Die Verschlammung ist kein Problem, wenn Du die Pflanzen samt Kies in Körbe setzt und die Körbe dann in den Filterteich stellst. Zum Reinigen/Auslichten nimmst Du die Körbe ganz einfach heraus und entleerst und reinigst den Filterteich vollkommen.

Beste Grüsse
Stefan


----------



## Teichforum.info (6. Juli 2003)

@ Stefan, 30 % kriege ich aus Platzmangel leider nicht hin, dafür ist der Hauptteich zu groß. Habe heute angefangen zu buddeln und werde max. auf 10 - 15 % kommen.

@ Tommi, den Filter wollte ich am Überlauf vom Pflanzenfilter zum Bachlauf aufstellen, aber wie Du sagst, ist es wohl besser, wenn ich den Spieß umdrehe und das Wasser erst durch den Filter und anschließend durch den Filterteich laufen lasse. Wäre das O.K. ?

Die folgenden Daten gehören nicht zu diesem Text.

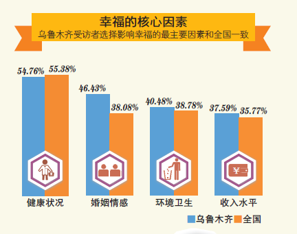“大调查”结果显示,影响乌鲁木齐市受访者幸福最主要因素是健康状况、婚姻感情和环境卫生,和全国受访者选择相同。其中,乌鲁木齐受访者对婚姻情感的关注度高于全国平均水平。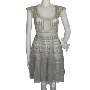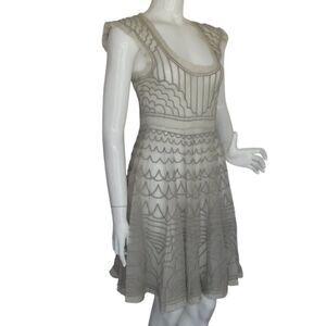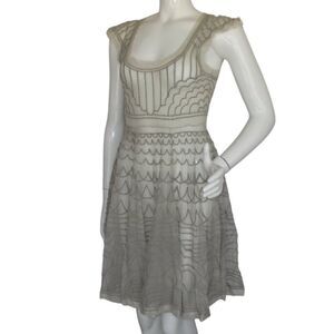 BIYA/Johnny Was Dress, S, Beige/Nude Mesh, Embroidered, SHEER, Cap shoulder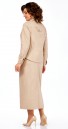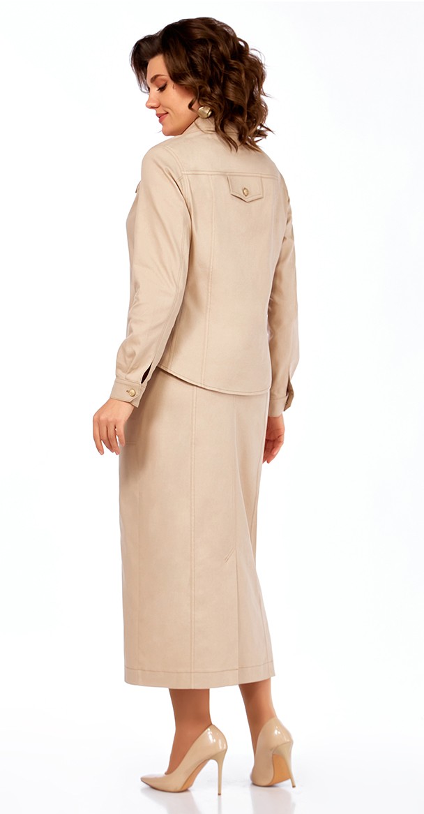 Юбка прямая, длина миди, оформлена притачным поясом (по бокам резинки), впереди застежка по планке на пуговицы-кнопки. У кокетки – вертикальные рельефы, накладные карманы (с боковым входом и притачными деталями) ограничены рельефными линиями и боковым швом. На заднем полотнище – кокетка, клапаны с пуговицами, рельефные линии, центральный шов и шлица. Линии притачивания подчеркнуты строчками на двухигольной машинке.

Aber eine Frage fällt mir noch ein, ich habe gelesen, daß das Wasser von unten ( tiefste Stelle ) in den Pflanzenfilter gelangen soll und dann erst langsam aufsteigt, damit sich die groberen Partikel sofort am Grund setzen und den Pflanzenteich nicht mit durchlaufen. Ich habe aber noch keine Vorstellung wie man das hinbekommt. Ist damit gemeint, das ich den Schlauch vom Filter so verlängere, das er bis zum Grund des Pflanzenfilters reicht ?

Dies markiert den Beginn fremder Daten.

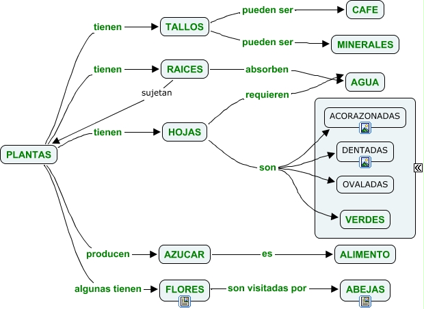 Este Cmap, tiene información relacionada con: plantas, HOJAS son VERDES, AZUCAR es ALIMENTO, PLANTAS producen AZUCAR, TALLOS pueden ser MINERALES, HOJAS son DENTADAS, PLANTAS tienen HOJAS, TALLOS pueden ser CAFE, PLANTAS algunas tienen FLORES, PLANTAS tienen RAICES, PLANTAS tienen TALLOS, FLORES son visitadas por ABEJAS, HOJAS requieren AGUA, RAICES sujetan PLANTAS, RAICES absorben AGUA, HOJAS son OVALADAS, HOJAS son ACORAZONADAS

Ach so, habe Fische im Teich. 23 an der Zahl bei 20000 Liter ( 2 Kois, 8 Goldorfen, 3 Nasen, 10 Shibunkins ) stecken alle noch in den Kinderschuhen.  Ist wohl nicht zu viel, oder ? 

Gruß Jackie


----------



## Teichforum.info (6. Juli 2003)

*Reihenfolge*



			
				Jackie schrieb:
			
		

> @ Tommi, den Filter wollte ich am Überlauf vom Pflanzenfilter zum Bachlauf aufstellen, aber wie Du sagst, ist es wohl besser, wenn ich den Spieß umdrehe und das Wasser erst durch den Filter und anschließend durch den Filterteich laufen lasse. Wäre das O.K. ?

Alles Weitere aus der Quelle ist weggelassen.